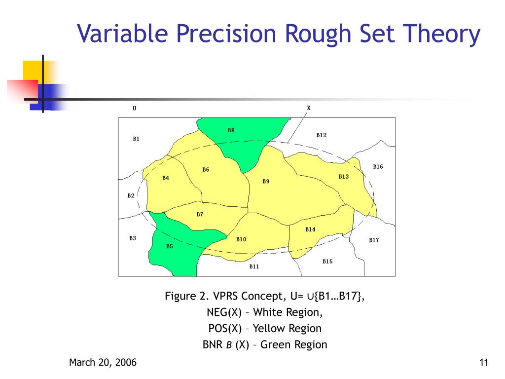 Variable Precision Rough Set Theory Figure 2. VPRS Concept, U= ∪{B1…B17}, NEG(X) – White Region, POS(X) – Yellow Region BNR B (X) – Green Region
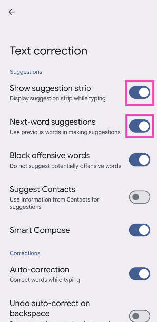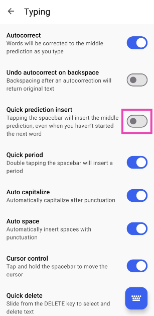 Kuinka voin poistaa ennakoivan tekstinkäytön käytöstä Gboardissa (Android)?
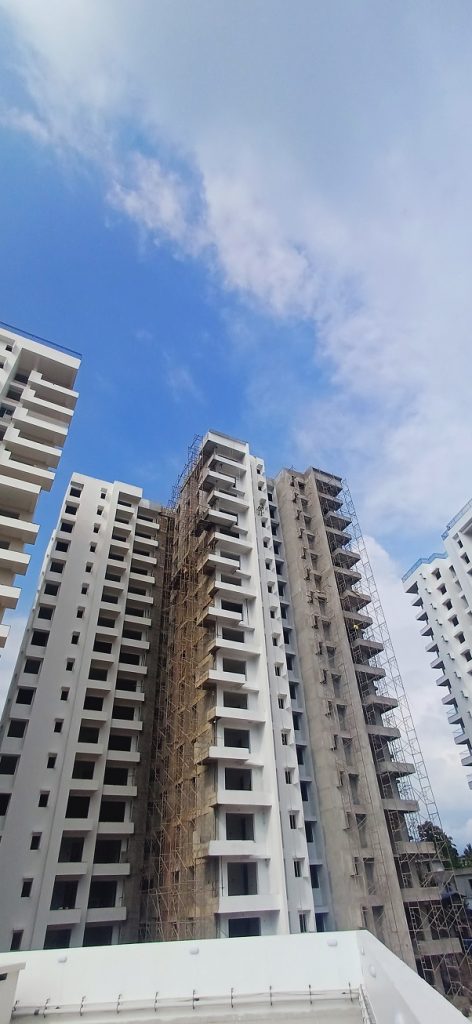 - External Finishes – AB External Side facing Tower A 100% completed,A Flat External Side facing Water Tank Side, B Flat Facing Swimming Pool works in progress,CD Mbed Side Plastering 100%,C Flat Left Side Mbed 20%, MEP Shaft A&B 60%, MEP Shaft C&D 10%
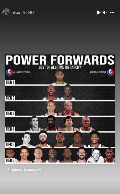 奥尼尔转发NBA历史上大前锋金字塔:司机不及加内特,邓肯独一档
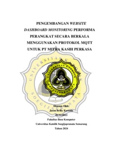 KARUNIA, JASON BRILLY (2024) PENGEMBANGAN WEBSITE DASHBOARD MONITORING PERFORMA PERANGKAT SECARA BERKALA MENGGUNAKAN PROTOKOL MQTT UNTUK PT MITRA KASIH PERKASA. S1 thesis, UNIVERSITAS KATOLIK SOEGIJAPRANATA.
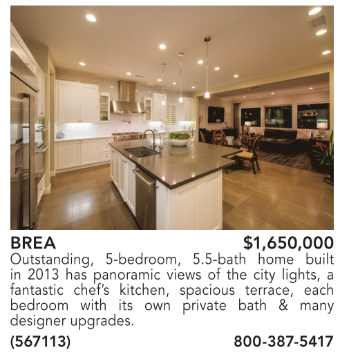 BREA $1,650,000 Outstanding, 5-bedroom, 5.5-bath home built in 2013 has panoramic views of the city lights, a fantastic chef’s kitchen, spacious terrace, each bedroom with its own private bath & many designer upgrades. (567113) 800-387-5417
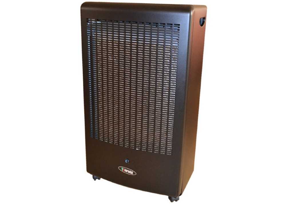 Модель с закрытой камерой сгорания и чугунным теплообменником. У нее есть вентилятор и термостат, работает она от сжиженного или природного газа, управление осуществляется электроникой. Мощность обогрева – 2.2 кВт.
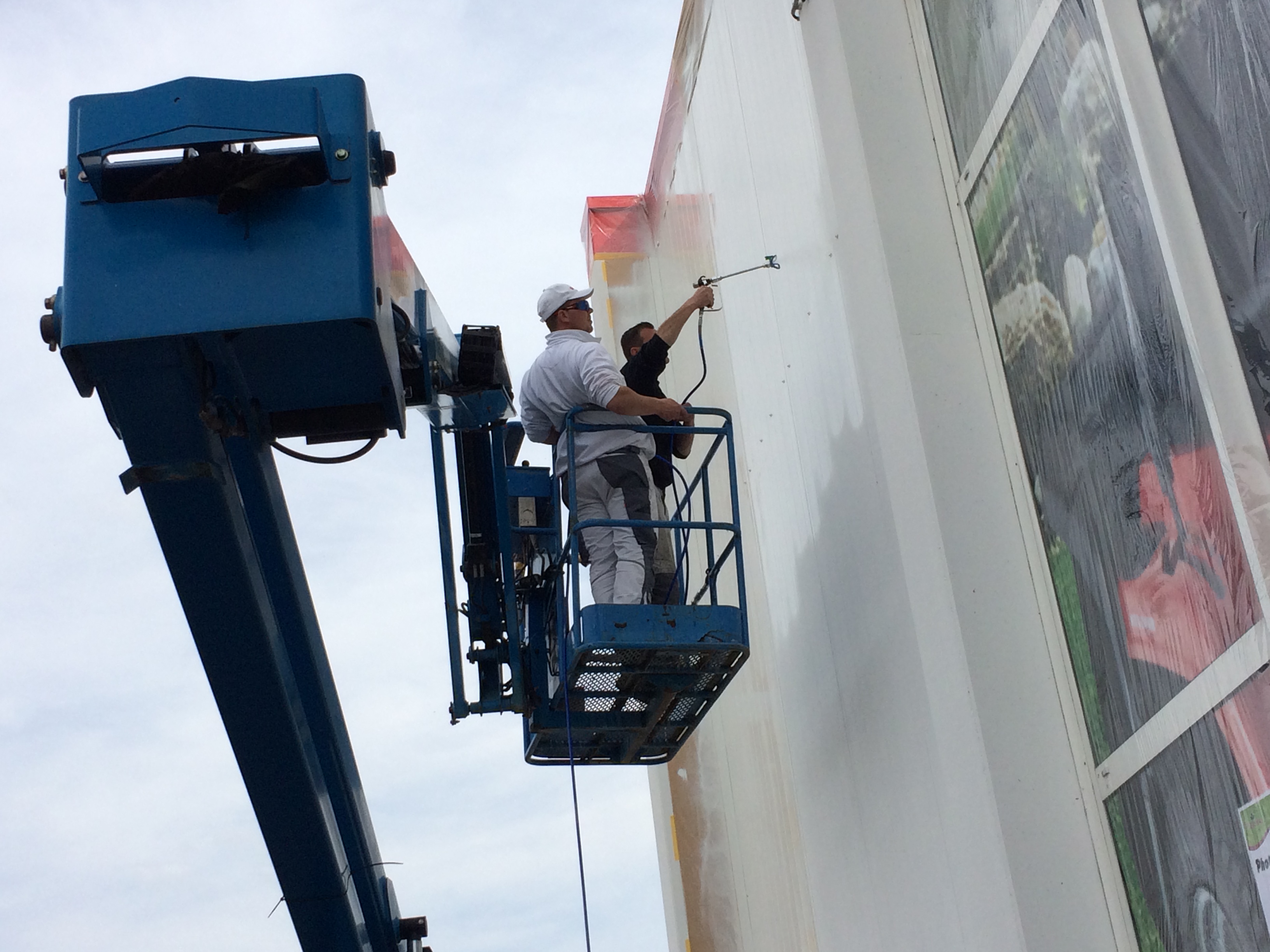 Mit Airless-Gerät und Hubsteiger Fläche machen

◇ ◇ ◇

What you return from the records above should be exactly everything from the line with "Kuinka voin poistaa" down to the line with "Модель с закрытой", both kept, and no pictures.

 Kuinka voin poistaa ennakoivan tekstinkäytön käytöstä Gboardissa (Android)?
 - External Finishes – AB External Side facing Tower A 100% completed,A Flat External Side facing Water Tank Side, B Flat Facing Swimming Pool works in progress,CD Mbed Side Plastering 100%,C Flat Left Side Mbed 20%, MEP Shaft A&B 60%, MEP Shaft C&D 10%
 奥尼尔转发NBA历史上大前锋金字塔:司机不及加内特,邓肯独一档
 KARUNIA, JASON BRILLY (2024) PENGEMBANGAN WEBSITE DASHBOARD MONITORING PERFORMA PERANGKAT SECARA BERKALA MENGGUNAKAN PROTOKOL MQTT UNTUK PT MITRA KASIH PERKASA. S1 thesis, UNIVERSITAS KATOLIK SOEGIJAPRANATA.
 BREA $1,650,000 Outstanding, 5-bedroom, 5.5-bath home built in 2013 has panoramic views of the city lights, a fantastic chef’s kitchen, spacious terrace, each bedroom with its own private bath & many designer upgrades. (567113) 800-387-5417
 Модель с закрытой камерой сгорания и чугунным теплообменником. У нее есть вентилятор и термостат, работает она от сжиженного или природного газа, управление осуществляется электроникой. Мощность обогрева – 2.2 кВт.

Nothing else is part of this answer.